As an emerging economy with rapid growth and financial deepening, Vietnam offers a critical case for environmental-economic analysis. This study investigates the long-run relationship between financial development, economic growth and environmental sustainability in Vietnam over 1990–2020. Using two environmental indicators (per-capita CO2 emissions and the per-capita ecological footprint) and a composite financial development index together with energy consumption, trade openness, urbanisation and foreign direct investment as control variables, we estimated long-run elasticities by fully modified ordinary least squares (OLS), dynamic OLS, and canonical cointegrating regression, and tested the environmental Kuznets curve (EKC) hypothesis with a squared per-capita-income term. Cointegration was assessed using the Johansen and Engle–Granger procedures; structural breaks were tested using the Zivot–Andrews endogenous-break procedure; and a vector error-correction model was used to recover long-run equilibrium dynamics. Financial development is associated with lower CO2 emissions but with a higher ecological footprint, suggesting that the two indicators capture distinct dimensions of environmental pressure. Per-capita income remains the dominant driver of both indicators, with CO2’s elasticity above unity.
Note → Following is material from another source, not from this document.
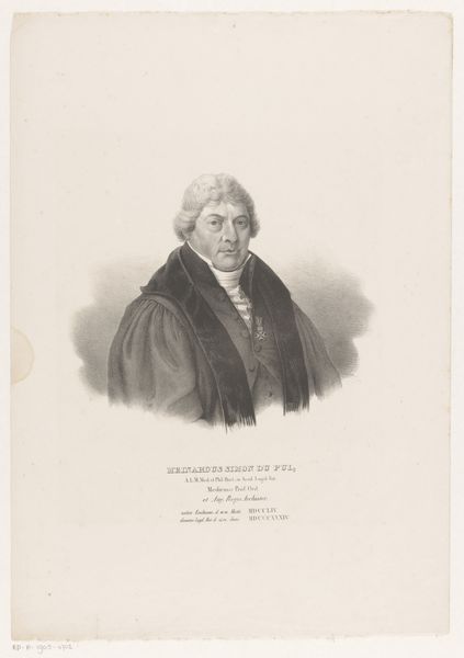 Curator: Let’s consider this finely rendered portrait—identified as "Portret van Gualtherus van Doeveren," and dated somewhere between 1809 and 1871, of which the author is unfortunately anonymous. The medium appears to be a precise application of graphite. What captures your eye here? Editor: Immediately, there's a powerful stillness—an almost clinical detachment—despite the ornate costume. This work embodies for me a reflection of power dynamics, from its history of medicine to ideas about class and appearance, making it intriguing to unravel what societal structure existed in those times. Curator: Indeed. I think the portrait’s strength lies in the nuanced detailing, such as how the texture is used to distinguish between skin and textile. Considering van Doeveren's medical profession, the artist highlights both the intellect and the authority invested in him during a period of profound societal and scientific transition. Note the way the light reflects off the meticulously rendered wig, suggesting societal prominence. Editor: Right. Beyond status, it feels important to examine the implications of representing knowledge, specifically medical knowledge, in a visual form accessible only to certain groups. What cultural expectations were upheld or subverted through this very act of portrayal? We must recognize how that image then affects present assumptions about expertise. Curator: That makes me also wonder if we can link his features back to broader trends of representation of power through similar visual signifiers during the 19th century: wigs, elaborate garments, posture. They solidify archetypes—shaping future interpretations of leadership. Editor: I can see that too. By perpetuating specific codes of representation, the piece reveals how dominant ideologies were subtly yet firmly entrenched within the public consciousness, solidifying what Pierre Bourdieu describes as "symbolic capital" afforded to those belonging to that upper class. The subject here literally embodies cultural ideals and prejudices. Curator: Yes, it asks viewers to reflect not only on the past’s legacy but how those visuals shape our interpretation of present and future models. Editor: Precisely! It encourages a crucial critical perspective. I came in with the image's impression of calmness but am leaving reminded of its undercurrent of sociopolitical weight.

Third, the EKC takes a U-shaped form for the ecological footprint, with an estimated turning point near US$2,062 (in constant 2015 prices); Vietnam currently sits above this threshold and on the rising segment of the curve. Disaggregating the financial development index shows that capital-market deepening, rather than banking depth or access, exerts the stronger environmental effect. The results support a green-finance policy mix that targets capital-market composition and energy intensity, and are of direct relevance to Vietnam’s National Green Growth Strategy 2021–2030 and net-zero-by-2050 commitment.

Graphical abstract
Keywords
Financial development
Economic growth
Environmental sustainability
Vietnam
Ecological footprint
Carbon dioxide emissions
Environmental Kuznets curve
Doi Moi
Funding
This research is funded by the WSU.UEH research grant, University of Economics Ho Chi Minh City (UEH), Vietnam.
Conflict of interest
The authors declare no conflict of interest.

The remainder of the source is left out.